What you are asked to do - With the pictures left out, print exactly the lines below that run from the one containing "несколько хозяйственных построек." through the one containing "Chaqueta estilo cazadora".

Information given -
- - - - - - -

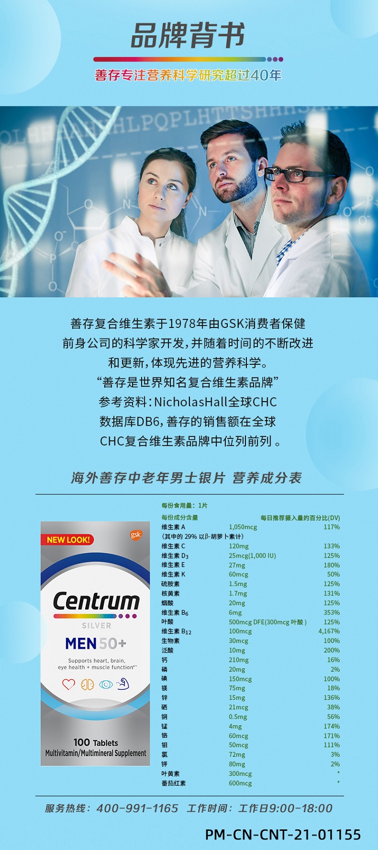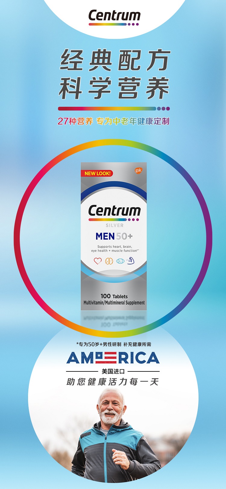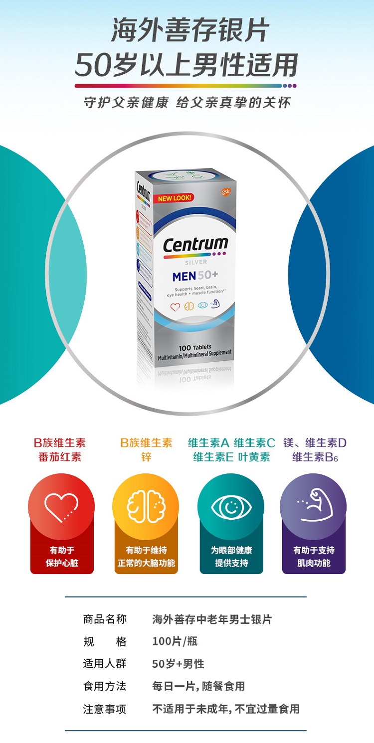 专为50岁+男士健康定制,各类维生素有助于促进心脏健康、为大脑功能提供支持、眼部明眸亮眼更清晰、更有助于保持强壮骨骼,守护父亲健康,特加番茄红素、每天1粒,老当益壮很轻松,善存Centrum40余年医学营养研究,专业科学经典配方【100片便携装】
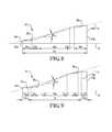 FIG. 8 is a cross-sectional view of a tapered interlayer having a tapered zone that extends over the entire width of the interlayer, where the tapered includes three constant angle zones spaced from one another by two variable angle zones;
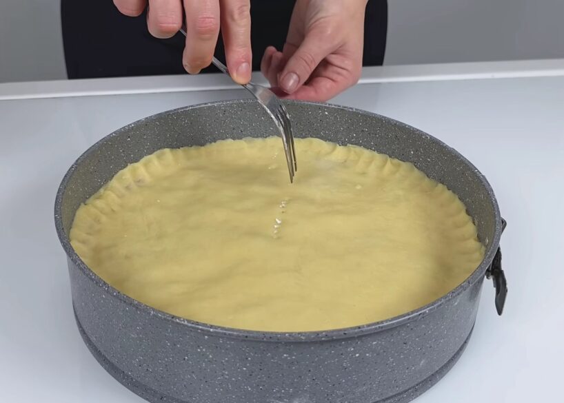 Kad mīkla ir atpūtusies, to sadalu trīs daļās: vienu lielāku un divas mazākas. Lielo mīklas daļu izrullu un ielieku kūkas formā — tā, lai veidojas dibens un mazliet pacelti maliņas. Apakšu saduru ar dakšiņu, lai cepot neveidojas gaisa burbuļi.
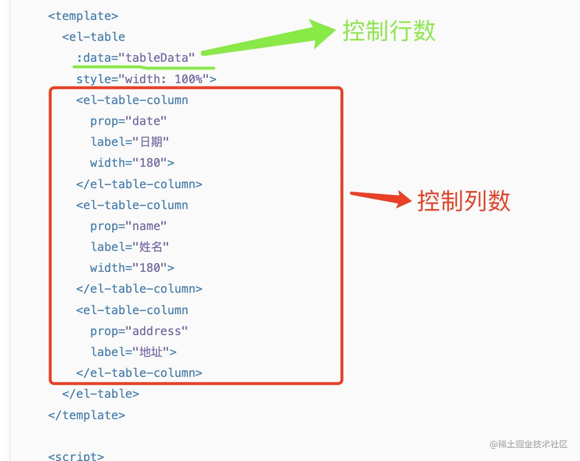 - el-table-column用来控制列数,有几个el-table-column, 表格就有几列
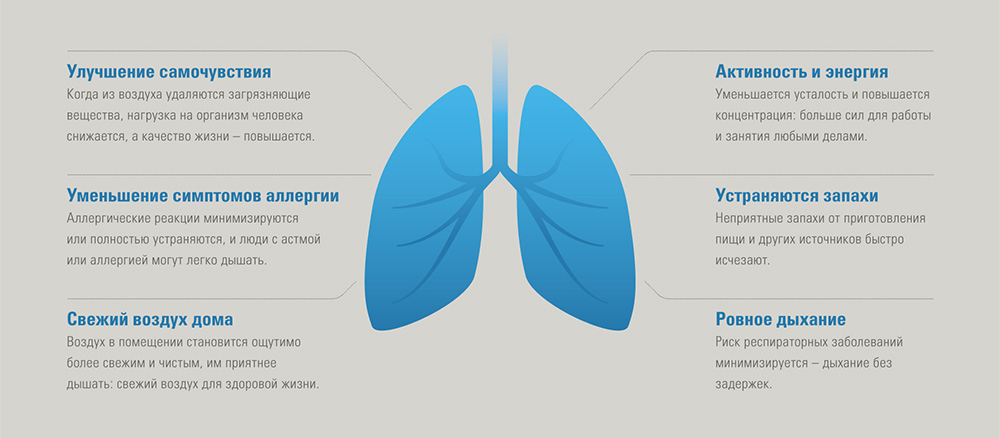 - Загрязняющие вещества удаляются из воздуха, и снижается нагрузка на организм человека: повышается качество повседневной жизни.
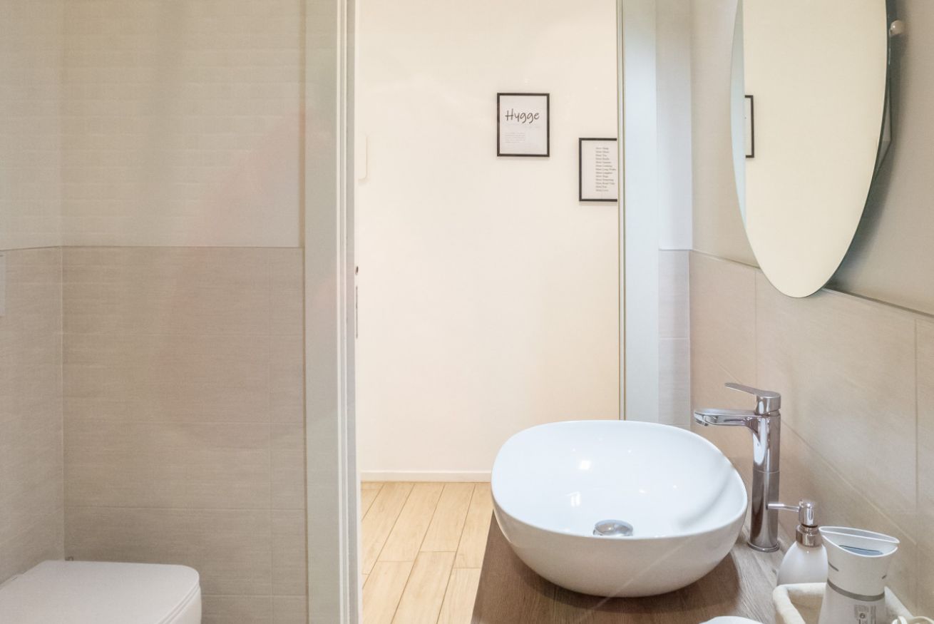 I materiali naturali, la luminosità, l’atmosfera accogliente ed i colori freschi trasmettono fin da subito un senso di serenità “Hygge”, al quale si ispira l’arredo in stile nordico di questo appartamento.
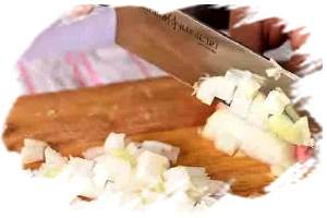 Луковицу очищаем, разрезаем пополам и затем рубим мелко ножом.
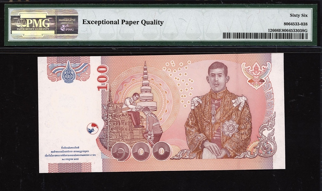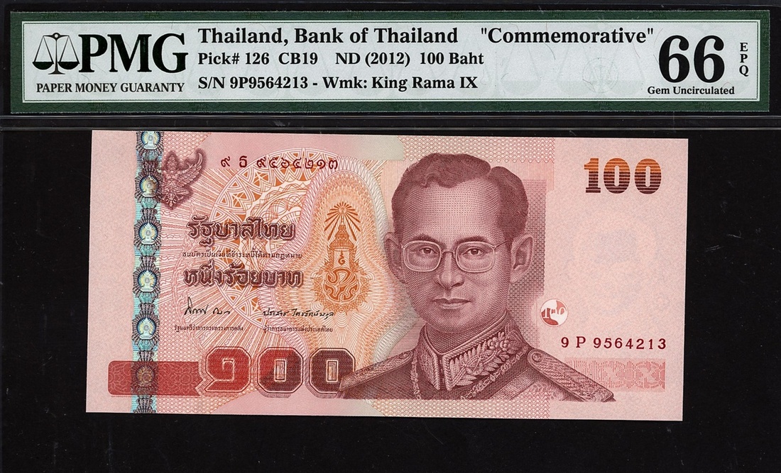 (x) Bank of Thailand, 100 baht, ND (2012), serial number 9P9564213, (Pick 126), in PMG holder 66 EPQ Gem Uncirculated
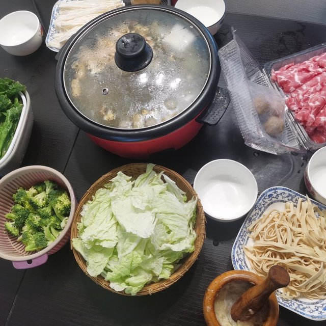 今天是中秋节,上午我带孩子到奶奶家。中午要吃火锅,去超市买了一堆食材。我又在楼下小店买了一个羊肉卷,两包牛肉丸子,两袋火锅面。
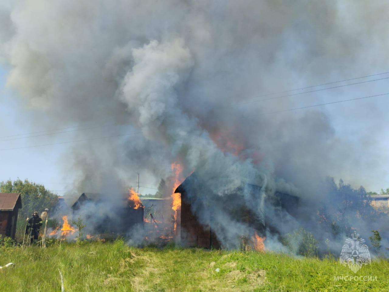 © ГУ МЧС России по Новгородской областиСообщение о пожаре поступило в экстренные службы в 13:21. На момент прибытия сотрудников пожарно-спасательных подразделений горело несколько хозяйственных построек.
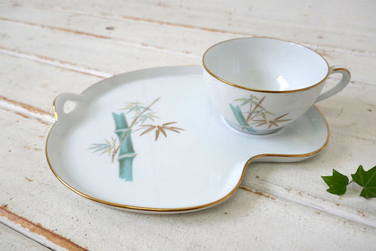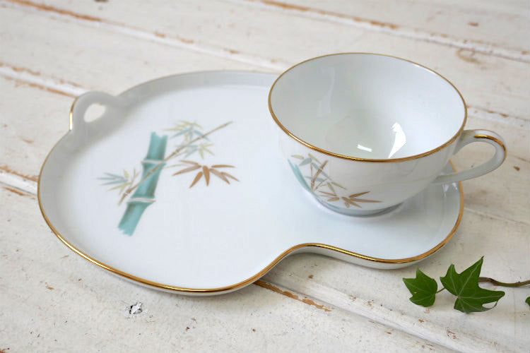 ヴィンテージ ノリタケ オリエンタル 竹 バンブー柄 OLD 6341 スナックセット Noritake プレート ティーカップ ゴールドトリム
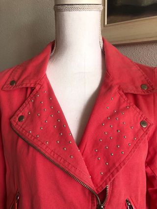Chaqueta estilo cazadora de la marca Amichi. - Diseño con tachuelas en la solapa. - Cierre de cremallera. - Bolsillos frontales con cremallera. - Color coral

- - - - - - -

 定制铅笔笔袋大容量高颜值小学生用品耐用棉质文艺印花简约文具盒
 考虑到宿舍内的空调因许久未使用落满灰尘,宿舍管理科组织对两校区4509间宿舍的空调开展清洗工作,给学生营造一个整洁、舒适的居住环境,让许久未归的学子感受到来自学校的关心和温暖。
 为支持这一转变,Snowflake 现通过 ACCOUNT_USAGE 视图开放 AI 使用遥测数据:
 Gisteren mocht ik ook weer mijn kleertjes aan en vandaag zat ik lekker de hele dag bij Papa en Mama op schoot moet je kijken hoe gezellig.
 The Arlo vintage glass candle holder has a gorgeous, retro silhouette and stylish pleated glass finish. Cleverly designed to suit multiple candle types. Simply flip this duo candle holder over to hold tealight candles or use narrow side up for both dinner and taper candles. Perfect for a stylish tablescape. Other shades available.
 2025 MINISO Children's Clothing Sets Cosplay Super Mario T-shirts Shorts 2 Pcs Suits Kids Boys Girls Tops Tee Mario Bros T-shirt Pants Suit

- - - - - - -

Your response -
 © ГУ МЧС России по Новгородской областиСообщение о пожаре поступило в экстренные службы в 13:21. На момент прибытия сотрудников пожарно-спасательных подразделений горело несколько хозяйственных построек.
 ヴィンテージ ノリタケ オリエンタル 竹 バンブー柄 OLD 6341 スナックセット Noritake プレート ティーカップ ゴールドトリム
Chaqueta estilo cazadora de la marca Amichi. - Diseño con tachuelas en la solapa. - Cierre de cremallera. - Bolsillos frontales con cremallera. - Color coral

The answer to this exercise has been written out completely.